How I built a production-grade scraper for NC public notices using Cheerio and TLS fingerprinting instead of headless browsers
The Challenge
During a live coding interview, I was tasked with building a scraper for ncnotices.com, a North Carolina public notices database. The catch? I had limited time and needed to handle a complex ASP.NET application with state management, pagination, and CAPTCHA protection.
The interviewer mentioned their team used Puppeteer for their existing scraper. I chose a different path.
Why Not Puppeteer?
Don't get me wrong - Puppeteer is fantastic for many use cases. But for this task, it felt like bringing a tank to a knife fight:
- Resource overhead: Running a headless Chrome instance uses 100-200MB of RAM per instance
- Slower execution: Browser startup alone takes 1-2 seconds
- Complexity: Managing browser lifecycles, waiting for selectors, handling browser crashes
Since ncnotices.com renders server-side (classic ASP.NET), I didn't need JavaScript execution. I just needed to:
- Parse HTML efficiently
- Manage cookies and sessions
- Bypass basic bot detection
The Tech Stack
{
"dependencies": {
"cheerio": "^1.1.2", // Fast HTML parsing
"impit": "^0.7.0", // TLS fingerprinting
"tough-cookie": "^6.0.0" // Cookie management
}
}
Key Libraries
Cheerio: jQuery-like HTML parsing that's blazing fast.

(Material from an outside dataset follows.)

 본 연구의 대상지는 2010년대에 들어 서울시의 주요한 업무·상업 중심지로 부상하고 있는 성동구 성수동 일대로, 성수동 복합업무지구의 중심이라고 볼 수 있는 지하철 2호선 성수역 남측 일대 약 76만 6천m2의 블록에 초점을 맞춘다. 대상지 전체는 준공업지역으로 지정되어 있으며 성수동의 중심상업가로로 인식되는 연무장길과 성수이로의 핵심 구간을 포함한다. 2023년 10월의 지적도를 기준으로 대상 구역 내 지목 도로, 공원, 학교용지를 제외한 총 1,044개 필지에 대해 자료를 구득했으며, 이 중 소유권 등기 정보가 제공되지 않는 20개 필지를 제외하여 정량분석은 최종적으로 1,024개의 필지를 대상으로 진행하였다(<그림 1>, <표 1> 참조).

Perfect for server-rendered content.
Impit: The secret sauce. This library mimics real browser TLS fingerprints, making requests indistinguishable from actual Chrome/Firefox browsers. Much lighter than Puppeteer.

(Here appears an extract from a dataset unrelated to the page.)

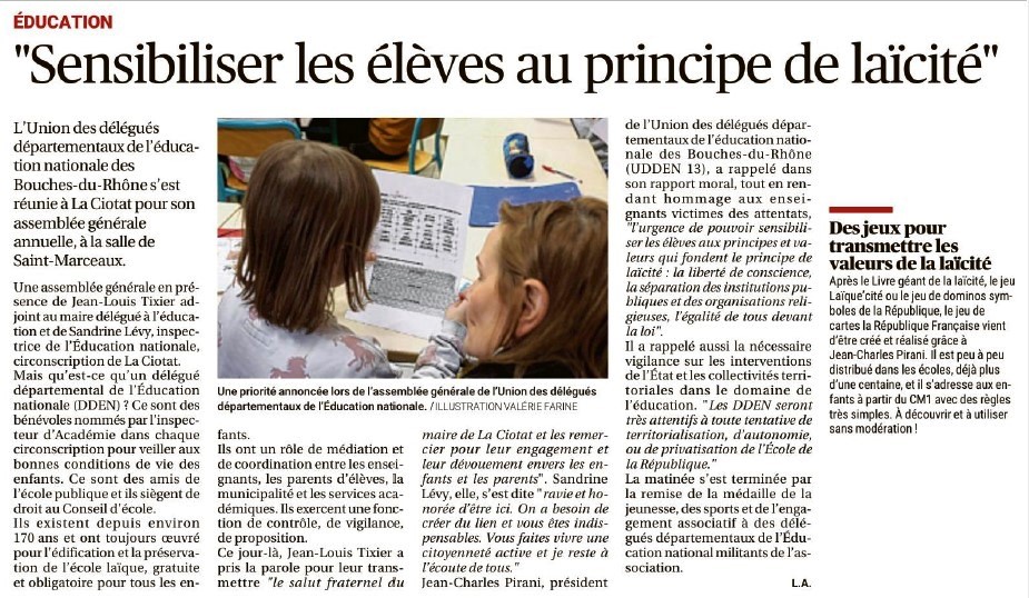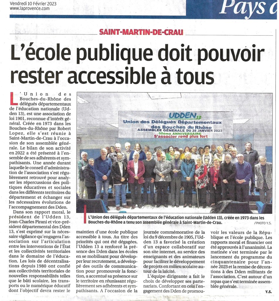 – La Provence du 10/02/2023. L’Union des Bouches-du-Rhône des délégués départementaux de l’Education Nationale (UDDEN13), créé en 1973, a tenu son assemblée Générale à Saint-Martin-de-Crau. Cliquer pour agrandir l’article

tough-cookie: Proper cookie jar implementation for session management.
The Technical Challenges
1. ASP.NET ViewState Management
ASP.NET uses __VIEWSTATE and __VIEWSTATEGENERATOR tokens for state management. These need to be extracted and sent with each request:
private getStateTokens($: CheerioAPI): {
view_state: string;
view_state_generator: string;
} {
const configText = $.text().split("0|hiddenField").at(-1)?.split("|") || [];
let view_state = $("#__VIEWSTATE").attr("value") || "";
let view_state_generator = $("#__VIEWSTATEGENERATOR").attr("value") || "";
if (!view_state) {
view_state = configText[configText.findIndex((x) => x.trim() == "__VIEWSTATE") + 1];
}
if (!view_state_generator) {
view_state_generator = configText[configText.findIndex((x) => x.trim() == "__VIEWSTATEGENERATOR") + 1];
}
return { view_state, view_state_generator };
}
The tokens can be in hidden fields OR embedded in the response text. I handle both cases.
2. Pagination Hell
Classic ASP.NET pagination requires simulating user interactions through POST requests with specific event targets:
const queryParams: Record<string, string> = {
ctl00$ToolkitScriptManager1:
params.page > 1
? "ctl00$ContentPlaceHolder1$WSExtendedGridNP1$updateWSGrid|ctl00$ContentPlaceHolder1$WSExtendedGridNP1$GridView1$ctl01$btnNext"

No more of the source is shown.